While COVID-19 has sidelined face-to-face interactions with youth, University of Nebraska–Lincoln honors students are working to continue and expand the reach of the Honors Afterschool Clubs.
Normally supporting nearly 30 after-school programs in Lincoln Public Schools, the more than 60 University Honors Program students leading the project are offering lessons via the Honors Club Repository; expanding their service-oriented mindset to keep serving students; and offering lessons via the internet.
Riha Karney, a sophomore from Omaha, is among the honors students working to improve the after-school program during this closure period.

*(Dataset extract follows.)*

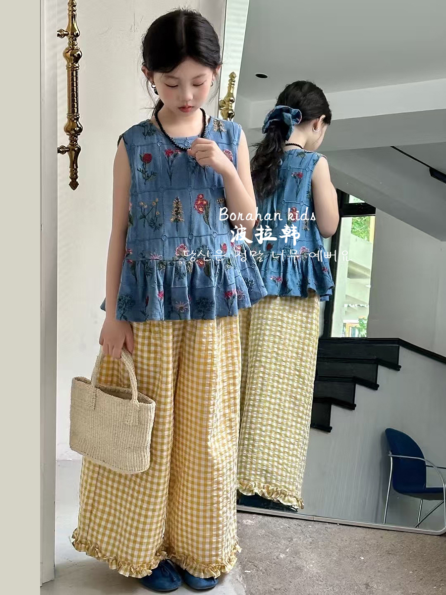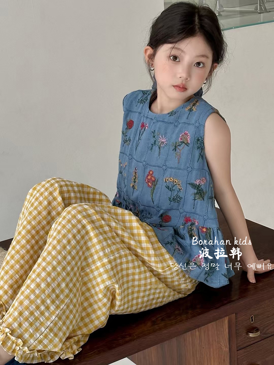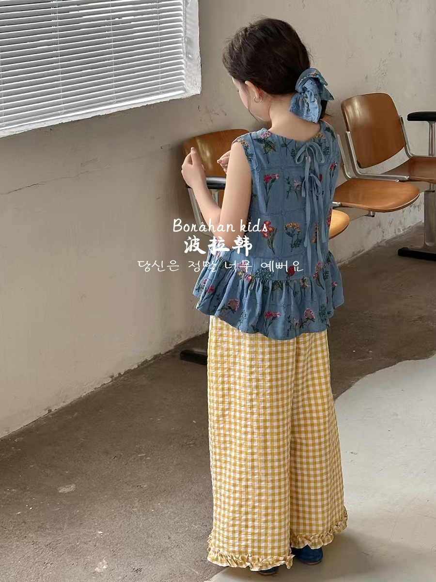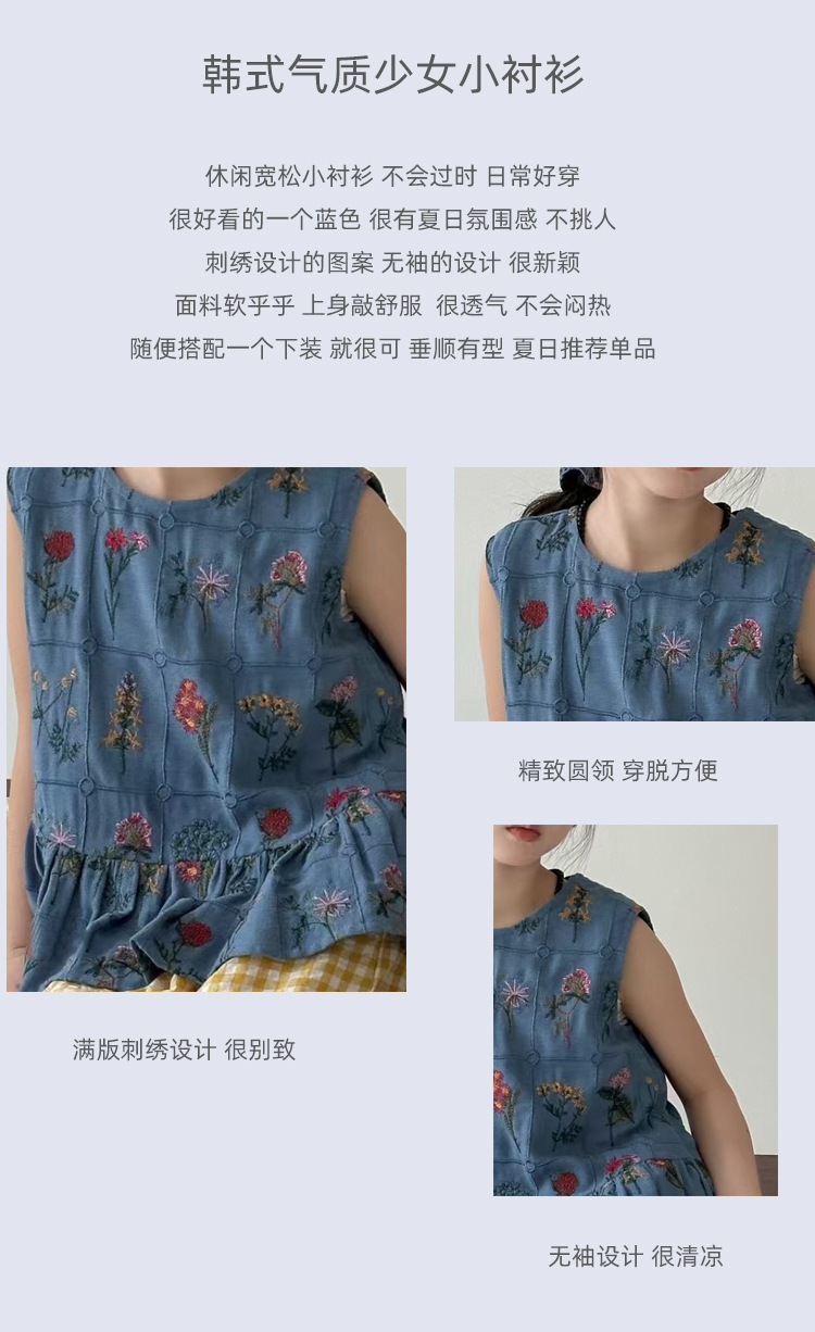 波拉韓兒童無袖娃娃衫夏季女童碎花襯衫2025新款中大童洋氣襯背心
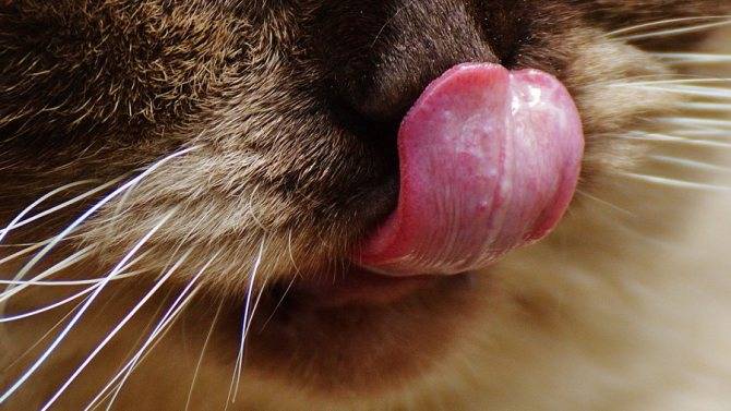 Если кошка быстро и часто высовывает язык, вероятнее всего, она пытается избавиться от неприятного запаха или вкуса. При подозрительном поведении необходимо:

“I really hope that my inquisitive students are still asking questions about the world around them and staying passionate about what interests them,” Karney said. “I’m taking this time to do a lot of reflecting and revising my curriculum so that I can make it better — hopefully — for clubs in the fall.”
While many of the honors students have returned to homes in and outside of Nebraska, they’ve continued to stay involved and make a difference through the global reach of the Honors Club Repository. Offered online, the repository allows honors students to have a global impact by uploading lesson plans and making them available to the public.
In the last month alone, honors club curricula have been downloaded in communities across the United States and in more than 20 countries.
Lessons in the repository offer parents an opportunity to entertain and educate youth without leaving home. Nearly all materials needed for the lessons can be found around a house or at a grocery store. Each lesson is available for free and includes directions on how to execute the activities.
Honors students leading the Afterschool Clubs program are also brainstorming ways they can continue to make a difference from afar.
“I’m thinking about making online instructions or fact sheets for different science activities that I can send to my site coordinator for students to access,” Karney said.
Others, having realized the impact after-school programming has made in Lincoln, are working to offer lessons in their hometowns, reaching out to childcare or community centers and sharing the curricula remotely.
“Instead of in-person sessions, I’ve been creating videos for students to watch at home,” said Kate Gaulke, a freshman from Woodbury, Minnesota. “The videos include yoga poses, mindfulness activities like nature walks, mediation exercises and a scavenger hunt.”
While they would rather have spent the semester developing relationships with LPS students face-to-face, the students are relishing the opportunity to adapt and expand impacts of the Honors Afterschool Clubs.
“One thing I have always loved about Honors Afterschool Clubs is the ability of the program to adapt to meet students’ needs,” said Maddie Beck, a sophomore from Wichita, Kansas. “This semester has proven no different.”